A lo largo de las páginas, narra una infancia feliz en una familia acomodada y europeizada, con una madre tierna y un padre casi ausente (negocios decía la madre, cuando la realidad es que pasaba más tiempo con su amante que con su familia). A pesar de esto último, Pamuk guarda un buen recuerdo de él y en ningún momento le reprocha nada.

En su niñez descubre lo que sería su vocación hasta dar con la escritura: la pintura.  Esa afición le llevó a cursar estudios de arquitectura, que no acabaría para poder dedicarse a tiempo completo a la literatura.  Esa decisión, o más bien los meses previos a tomarla, abarca varios capítulos. Para mi gusto es la mejor parte del libro ya que  se ve una clara confrontación entre intereses (intereses personales e intereses “profesionales”). Pamuk lucha contra lo que se espera de él (que se haga arquitecto para mantener el estatus de una familia ya en decadencia). Esto le lleva a mantener calurosas discusiones con su madre, paseos nocturnos por Estambul, problemas en la universidad y con sus amigos. En esas páginas se puede ver el nacimiento de un escritor y los problemas que ello conlleva; sin embargo, a diferencia de otros escritores cuyos inicios fueron excesivamente duros (económicamente hablando), Pamuk no tuvo problema en dejar la universidad con veinte años y pedir a sus padres un estudio para poder escribir.

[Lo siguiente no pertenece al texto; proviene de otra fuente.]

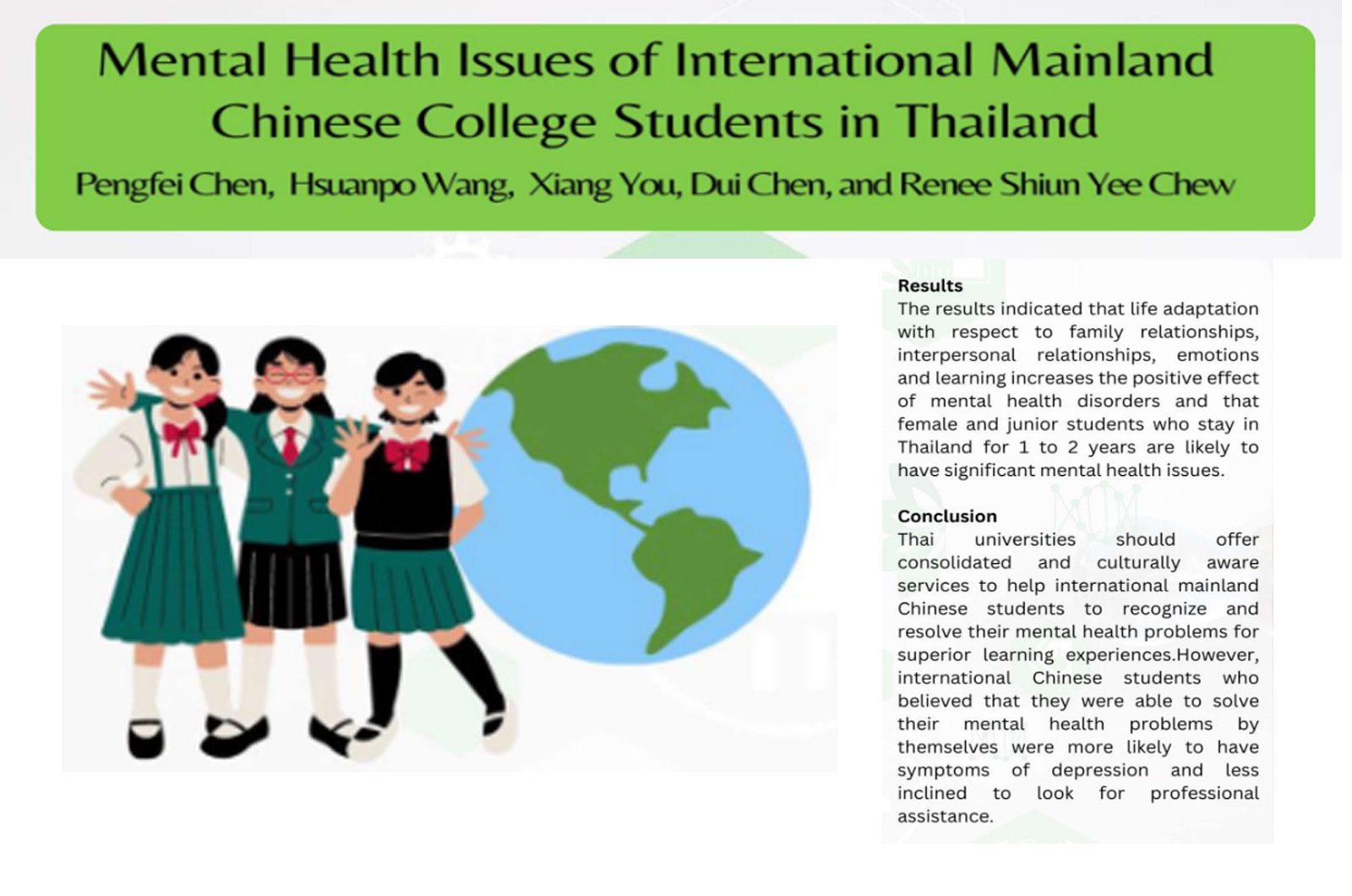 This study extends previous research by examining the mental health issues of international mainland Chinese college students in Thailand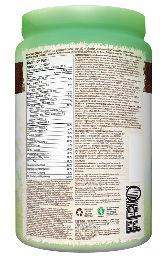 Garden of Life Raw Organic Protein & Greens Powder - Chocolate 610g
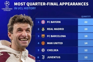 改制后歐冠共12支球隊至少8次晉級八強(qiáng):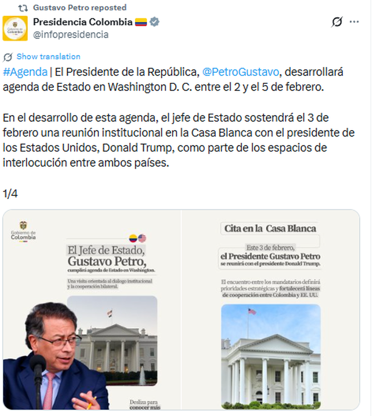 Por lo tanto, tras entrevistarse con el jefe de misión de la embajada de Estados Unidos en Colombia, John McNamara, el mandatario colombiano anunció en su cuenta de X que empezó su jornada “de comunicación intensa con el gobierno de los EEUU, con mi entrevista con el representante de negocios de los EEUU en Colombia McNamara”.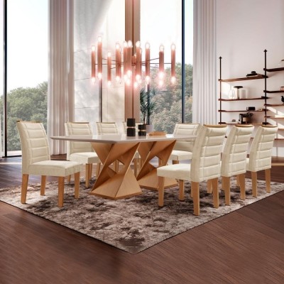 Mesas são indispensáveis para o funcionamento da casa e é no cômodo de confraternização que elas ganham protagonismo. Composto por peças de muito charme, o Conjunto Genova torna o uso desse móvel importante com 8 cadeiras para garantir uma usabilidade plena para o seu dia a dia. Ideal para cozinhas e salas de jantar, o kit oferece amplo espaço para que você possa dispor pratos, copos, talheres e até uma travessa com o quitute da vez, enquanto acomoda os convidados com aconchego e receptividade. Ah, para completar, é só combiná-la com o restante da mobília de sua preferência e criar o ambiente intimista perfeito para a sua rotina ou reuniões entre amigos.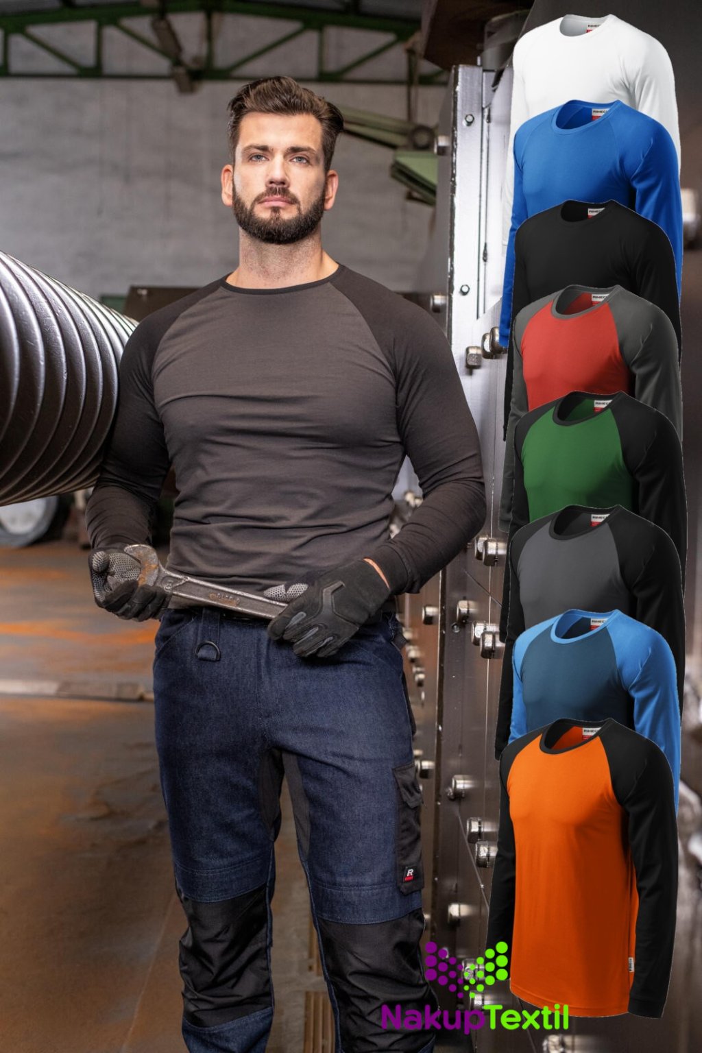 dvoubarevné provedení (vyjma barev 00, 01, 05), střih s bočními švy, úzký lem průkrčníku z žebrového úpletu 1:1 s 5 % elastanu, vnitřní část průkrčníku začištěna páskou z vrchového materiálu, dlouhé raglánové rukávy s manžetou, manžeta z žebrového úpletu 1:1 s 5 % elastanu, Přesunutí produktu pod značku RIMECK®. V rámci jedné zásilky se mohou objevit produkty s novým i původním brandingem. Tato skutečnost není důvodem k reklamaci.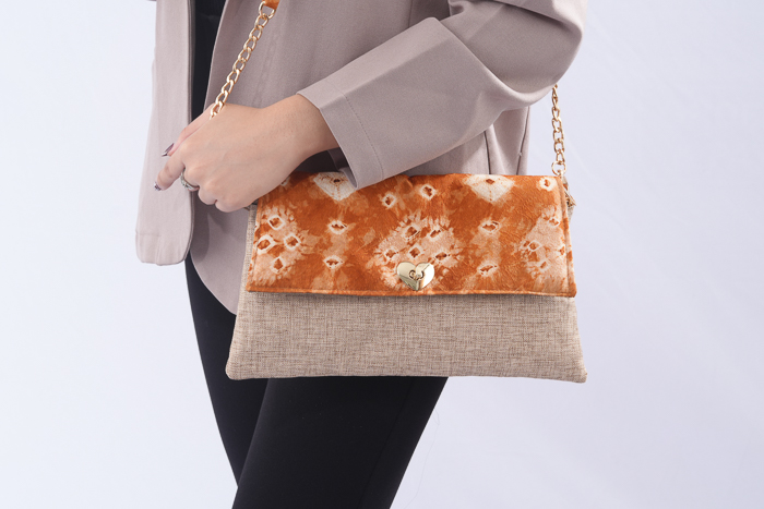 Jenis Bahan: Jumputan dengan pewarna alam Gambo mix kanvas goni
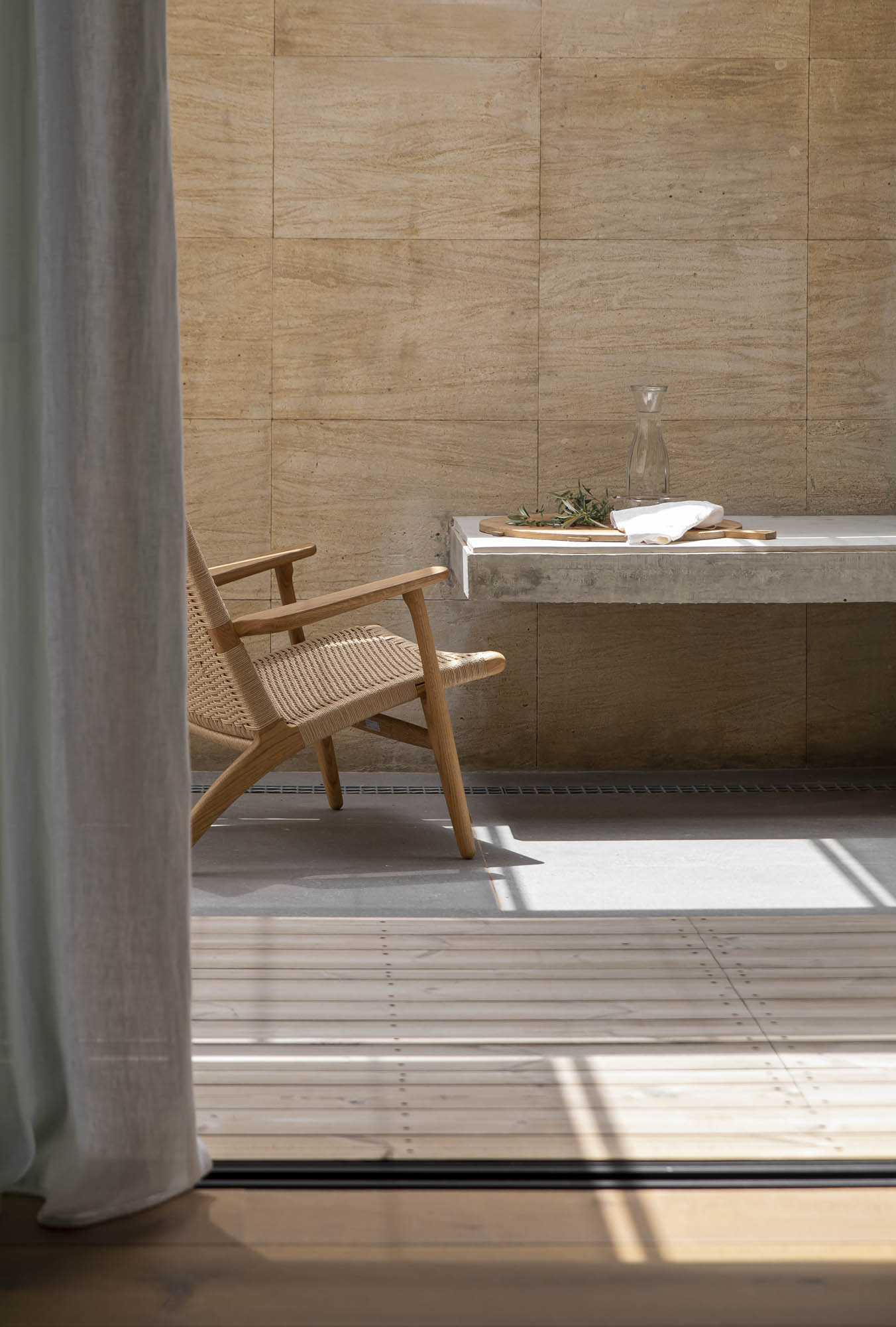 Desde la primera etapa de encaje del proyecto, vimos clara la fusión interior y exterior de esta vivienda familiar, y por tanto la necesidad de trabajar al unísono con Teresa Cabaní, interiorista del proyecto.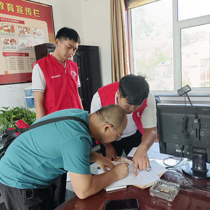 直到出发前,白云湖社工站吕海峰帮助李海平检查哥哥李林平的证件、行李是否齐全。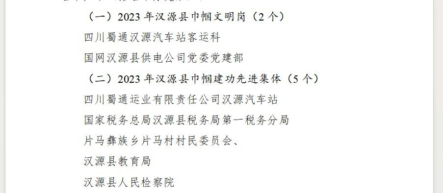 在“三八”國(guó)際婦女節(jié)來(lái)臨之際,雅安交建集團(tuán)蜀通漢源汽車站被漢源縣婦聯(lián)評(píng)為“2023年漢源縣巾幗建工先進(jìn)集體”、“2023年漢源縣巾幗文明崗”。
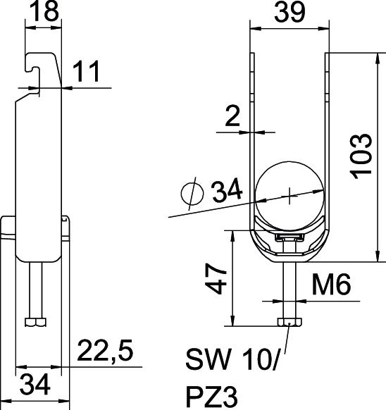 Bügelschelle mit U-Fuß, Kunststoffdruckwanne aus Polypropylen. Zur vertikalen und horizontalen Montage von 2 Einzelkabeln an C-Profilschiene. Für Schlitzweite 18 - 22 mm. Mit 1-gängiger Schraube an Druckwanne, universeller Sechskant-Schraubenkopf SW10, mit Schlitz und Kreuzschlitz. Geeignet für Montage im Innen- und Außenbereich. Mehrere Kabel sollten durch Doppelwannen getrennt werden. Der Einsatz einer Gegenwanne wird empfohlen.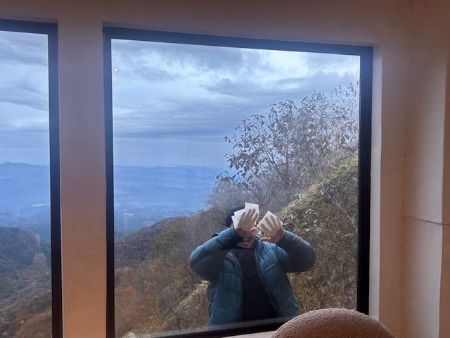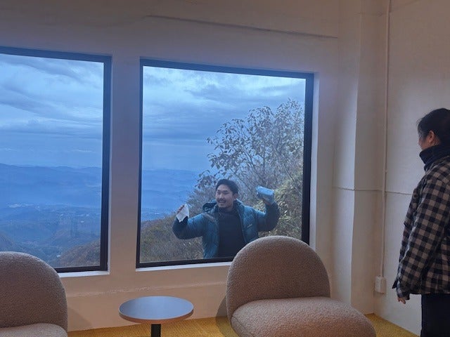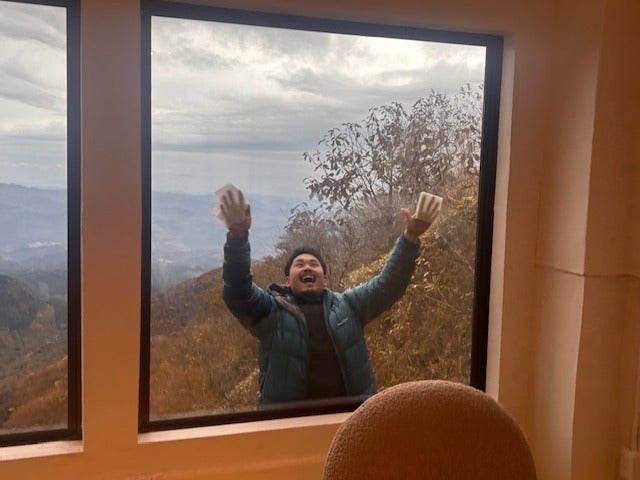 眺望側の大きいガラス窓を掃除中、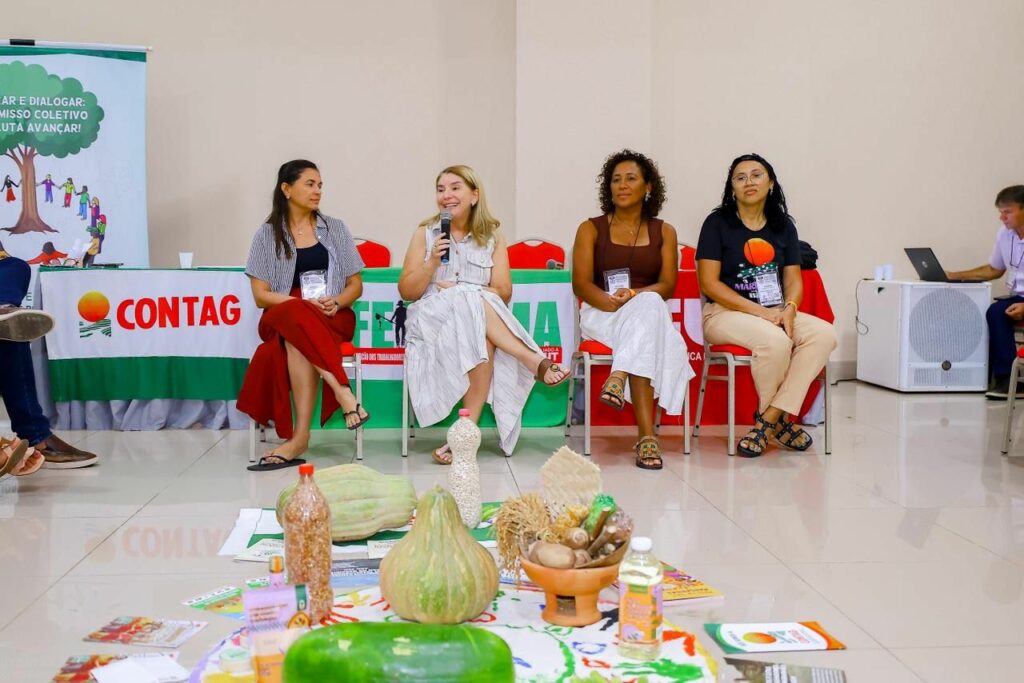 A mesa de diálogo foi coordenada pela presidenta da FETAEMA, Angela Silva, e contou com contribuições das diretoras da Federação, Nilvane dos Santos e Gersina Vieira Marques, além do secretário de Políticas Sociais da CONTAG, Erinaldo Lima.
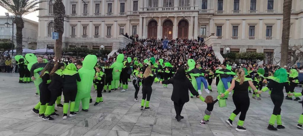 Στους ξέφρενους ρυθμούς των καρναβαλικών εκδηλώσεων έλαβαν μέρος οκτώ άρματα, 16 ομάδες με πάνω από 1.500 μέλη, αλλά και δεκάδες επισκέπτες που επισκέφθηκαν τη Σύρο για να διασκεδάσουν το τριήμερο των απόκρεω.
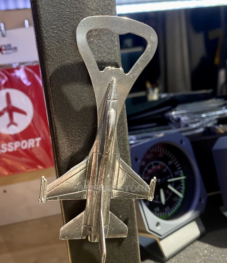 The F-16 Fighting Falcon magnet bottle opener combines an iconic fighter jet with practical functionality. The silhouette of one of the world's most famous fighter jets accurately conveys the proportions of the aircraft — from its swept-back wings to its distinctive fuselage.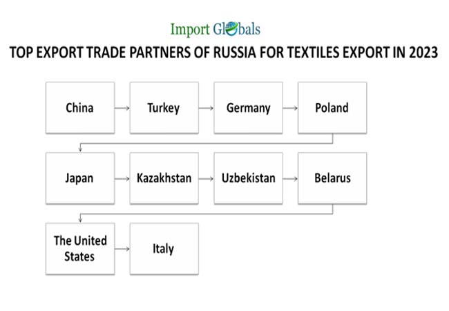 Que. Name the top export trade partners of Russia for textiles export in 2023?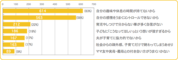 そして、「育児やしつけで分からないことが多く自信がない」(22%)、「子どもにこうなってほしいという想いが強すぎるから」(19%)、「夫が子育てに協力的でないから」(17%)、「社会からの疎外感、子育てだけで終わってしまうあせり」(17%)、「ママ友や実母・義母との付き合いがうまくいかない」(9%)と続きました。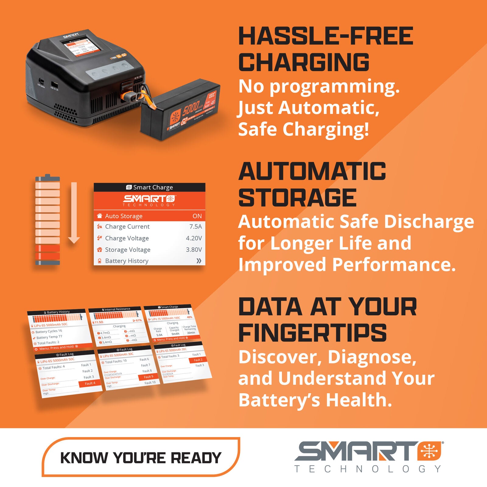 *The Spektrum™ S100 Smart USB-C Charger is unable to charge non-Smart NiMH batteries.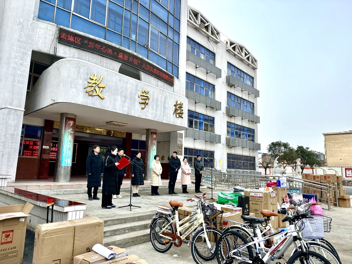一辆辆崭新的自行车、一套套名著读物、崭新的羽绒服棉鞋……21日上午,当装满爱心物资的车辆抵达,源源不断的物资汇集,爱心企业和志愿者们将标有编号的物资,整齐地摆放在校园内,城关镇第一初级中学交接仪式现场很快被爱心填满。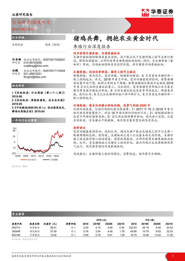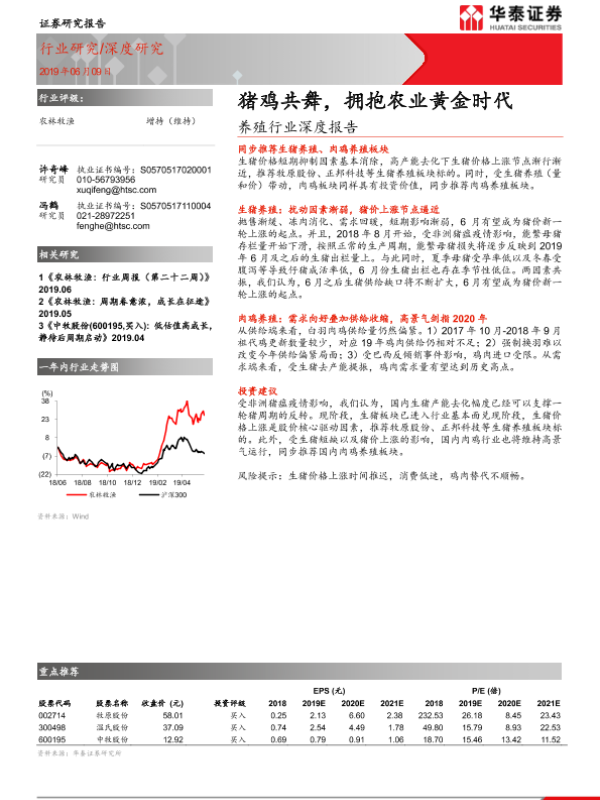 【华泰证券】【20190609】20190609-华泰证券-养殖行业深度报告:猪鸡共舞,拥抱农业黄金时代-15页
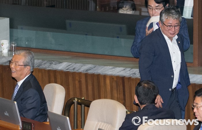 (서울=포커스뉴스) 4일 오후 서울 여의도 국회에서 열린 343회 국회(임시회) 6차 본회의, 경제에 관한 대정부 질문에 참석한 조응천 더불어민주당 의원이 본회의장을 나서고 있다. 왼쪽은 김종인 비대위 대표.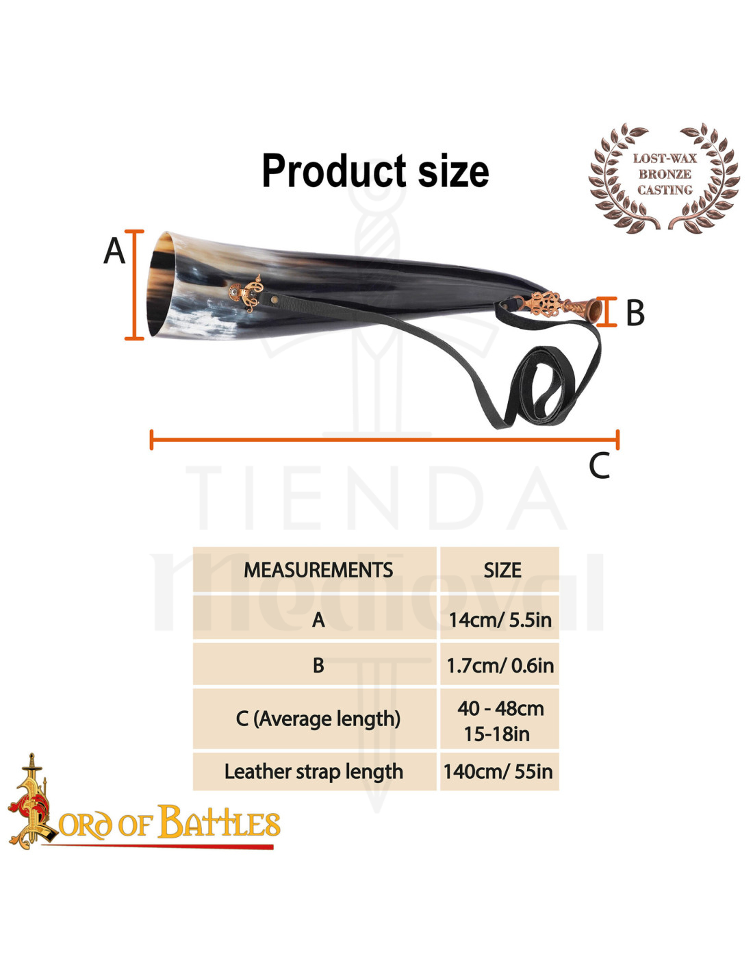 Het gebogen ontwerp bevordert de grip en ergonomie bij het vasthouden of vervoeren, en de verstelbare zwarte riem met metalen haak maakt van het hoorntje een comfortabel accessoire, klaar voor thematische marsen, voorstellingen of historische bijeenkomsten. Het gepolijste oppervlak vergemakkelijkt het schoonmaken en behoudt de natuurlijke uitstraling van het materiaal zonder de authenticiteit te verliezen.

Es conveniente destacar el capítulo dedicado a su primer amor (Rosa Negra) puesto que  resulta imprescindible para comprender la obsesión de Pamuk por perder a un amor, tema central de algunas de sus novelas. En ese capítulo presenta la historia de su primer amor y de cómo desapareció de un día para otro. Cuenta las tardes que pasaba con ella en un pequeño estudio que Pamuk tenía para pintar – que recuerda excesivamente al piso en el que Kemal y Füsum se encontraban en El Museo de la inocencia – y de cómo el padre de Rosa Negra, al enterarse del romance, trasladó a su hija fuera de Turquía y Pamuk nunca la volvió a ver – desaparición que es el eje argumental en La vida nueva, El Museo de la Inocencia y El libro negro

Leí Estambul. Ciudad y recuerdos un par de años antes de viajar a Turquía. Cuando paseé por sus calles tuve la sensación de haberlas conocido antes, entre líneas, supongo, a través de los ojos de Pamuk y de las fotografías que acompañan al libro. Lo releí a la vuelta, y luego otra vez; y cada vez que repaso alguno de sus capítulos descubro algo nuevo. Es un libro de mesilla para escapar de la habitación y pasear, sin mojarte, por el Estambul gris y lluvioso de Pamuk.